### Goal of the exercise
Transcribe each entry exactly, without pictures.

__________

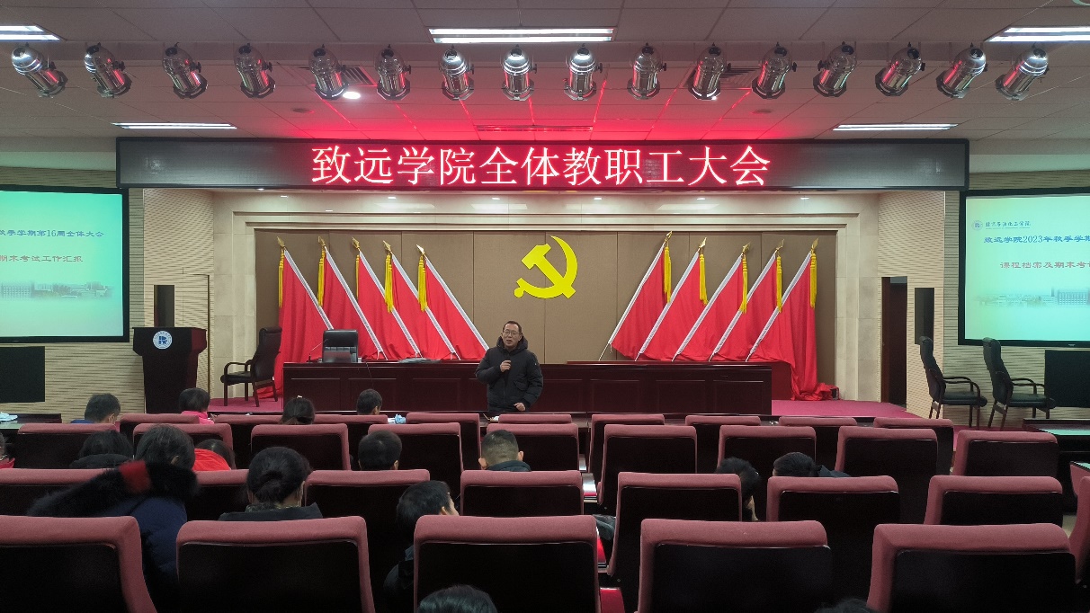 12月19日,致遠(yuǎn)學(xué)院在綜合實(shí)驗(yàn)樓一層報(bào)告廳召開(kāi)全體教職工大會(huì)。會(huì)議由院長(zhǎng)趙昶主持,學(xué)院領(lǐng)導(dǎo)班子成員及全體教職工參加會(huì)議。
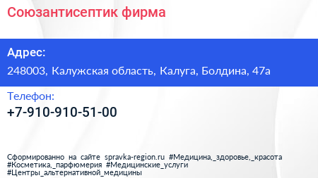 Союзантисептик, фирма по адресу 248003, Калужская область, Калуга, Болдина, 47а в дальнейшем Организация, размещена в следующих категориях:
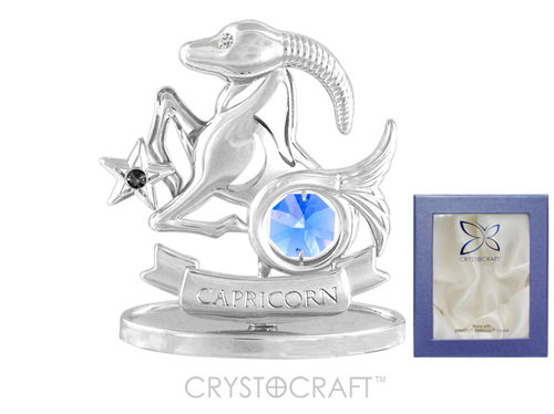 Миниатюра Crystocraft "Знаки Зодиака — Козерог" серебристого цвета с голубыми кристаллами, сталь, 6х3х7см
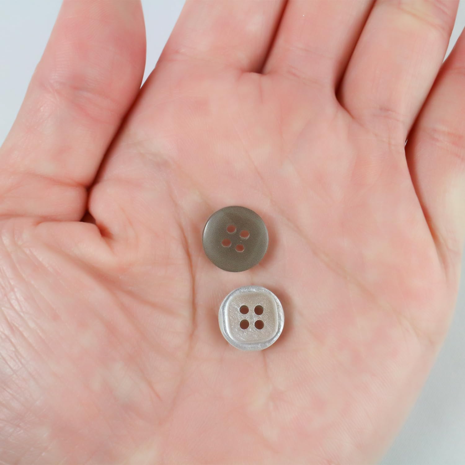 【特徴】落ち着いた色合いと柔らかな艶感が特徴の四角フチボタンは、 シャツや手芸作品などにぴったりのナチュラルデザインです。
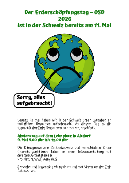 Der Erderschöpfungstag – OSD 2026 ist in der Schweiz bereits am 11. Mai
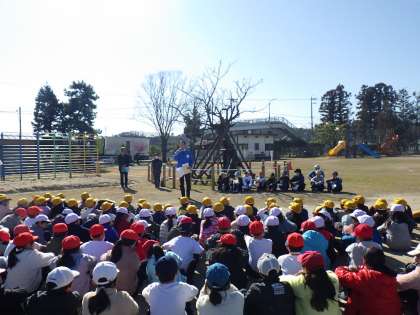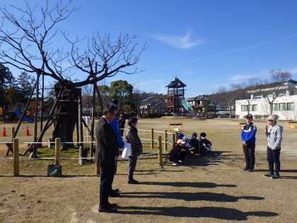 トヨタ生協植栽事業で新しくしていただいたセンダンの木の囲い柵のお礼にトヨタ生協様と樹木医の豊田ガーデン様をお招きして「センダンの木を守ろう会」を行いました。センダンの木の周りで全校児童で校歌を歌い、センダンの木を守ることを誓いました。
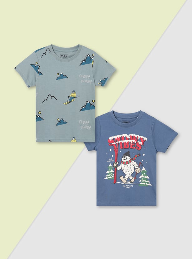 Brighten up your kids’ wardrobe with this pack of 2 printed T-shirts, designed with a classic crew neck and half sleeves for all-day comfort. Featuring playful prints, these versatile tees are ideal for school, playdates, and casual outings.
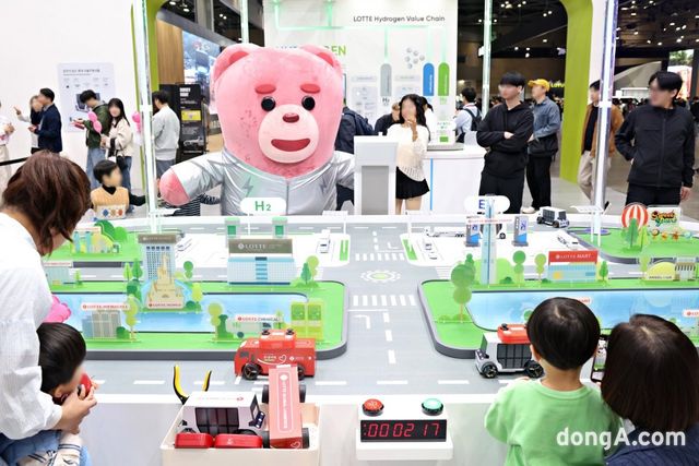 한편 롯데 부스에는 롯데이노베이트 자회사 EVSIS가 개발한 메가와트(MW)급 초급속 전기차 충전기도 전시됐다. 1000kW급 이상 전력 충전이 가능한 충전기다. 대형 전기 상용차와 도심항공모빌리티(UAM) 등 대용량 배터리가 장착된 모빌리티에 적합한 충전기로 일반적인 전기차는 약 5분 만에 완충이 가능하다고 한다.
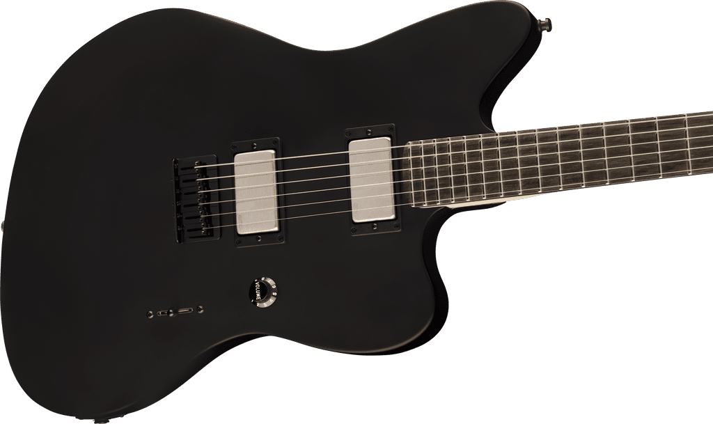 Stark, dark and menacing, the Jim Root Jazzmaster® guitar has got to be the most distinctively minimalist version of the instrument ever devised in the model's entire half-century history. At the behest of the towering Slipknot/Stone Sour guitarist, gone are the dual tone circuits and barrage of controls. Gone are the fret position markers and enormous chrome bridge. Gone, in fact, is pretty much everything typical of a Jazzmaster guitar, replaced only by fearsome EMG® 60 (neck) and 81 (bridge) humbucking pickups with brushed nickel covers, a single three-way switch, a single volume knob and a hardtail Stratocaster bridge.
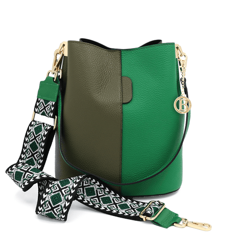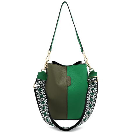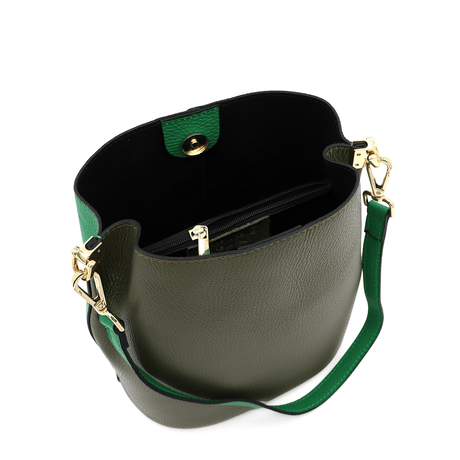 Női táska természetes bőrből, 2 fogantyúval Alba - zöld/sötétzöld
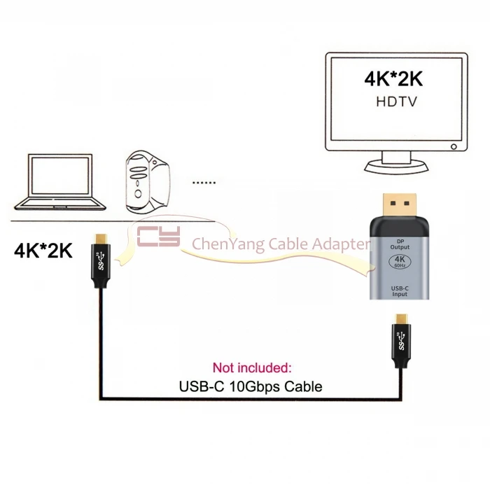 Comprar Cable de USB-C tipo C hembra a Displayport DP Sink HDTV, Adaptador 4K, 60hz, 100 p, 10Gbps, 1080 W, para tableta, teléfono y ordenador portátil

__________

### Response
 12月19日,致遠(yuǎn)學(xué)院在綜合實(shí)驗(yàn)樓一層報(bào)告廳召開(kāi)全體教職工大會(huì)。會(huì)議由院長(zhǎng)趙昶主持,學(xué)院領(lǐng)導(dǎo)班子成員及全體教職工參加會(huì)議。
 Союзантисептик, фирма по адресу 248003, Калужская область, Калуга, Болдина, 47а в дальнейшем Организация, размещена в следующих категориях:
 Миниатюра Crystocraft "Знаки Зодиака — Козерог" серебристого цвета с голубыми кристаллами, сталь, 6х3х7см
 【特徴】落ち着いた色合いと柔らかな艶感が特徴の四角フチボタンは、 シャツや手芸作品などにぴったりのナチュラルデザインです。
 Der Erderschöpfungstag – OSD 2026 ist in der Schweiz bereits am 11. Mai
 トヨタ生協植栽事業で新しくしていただいたセンダンの木の囲い柵のお礼にトヨタ生協様と樹木医の豊田ガーデン様をお招きして「センダンの木を守ろう会」を行いました。センダンの木の周りで全校児童で校歌を歌い、センダンの木を守ることを誓いました。
 Brighten up your kids’ wardrobe with this pack of 2 printed T-shirts, designed with a classic crew neck and half sleeves for all-day comfort. Featuring playful prints, these versatile tees are ideal for school, playdates, and casual outings.
 한편 롯데 부스에는 롯데이노베이트 자회사 EVSIS가 개발한 메가와트(MW)급 초급속 전기차 충전기도 전시됐다. 1000kW급 이상 전력 충전이 가능한 충전기다. 대형 전기 상용차와 도심항공모빌리티(UAM) 등 대용량 배터리가 장착된 모빌리티에 적합한 충전기로 일반적인 전기차는 약 5분 만에 완충이 가능하다고 한다.
 Stark, dark and menacing, the Jim Root Jazzmaster® guitar has got to be the most distinctively minimalist version of the instrument ever devised in the model's entire half-century history. At the behest of the towering Slipknot/Stone Sour guitarist, gone are the dual tone circuits and barrage of controls. Gone are the fret position markers and enormous chrome bridge. Gone, in fact, is pretty much everything typical of a Jazzmaster guitar, replaced only by fearsome EMG® 60 (neck) and 81 (bridge) humbucking pickups with brushed nickel covers, a single three-way switch, a single volume knob and a hardtail Stratocaster bridge.
 Női táska természetes bőrből, 2 fogantyúval Alba - zöld/sötétzöld
 Comprar Cable de USB-C tipo C hembra a Displayport DP Sink HDTV, Adaptador 4K, 60hz, 100 p, 10Gbps, 1080 W, para tableta, teléfono y ordenador portátil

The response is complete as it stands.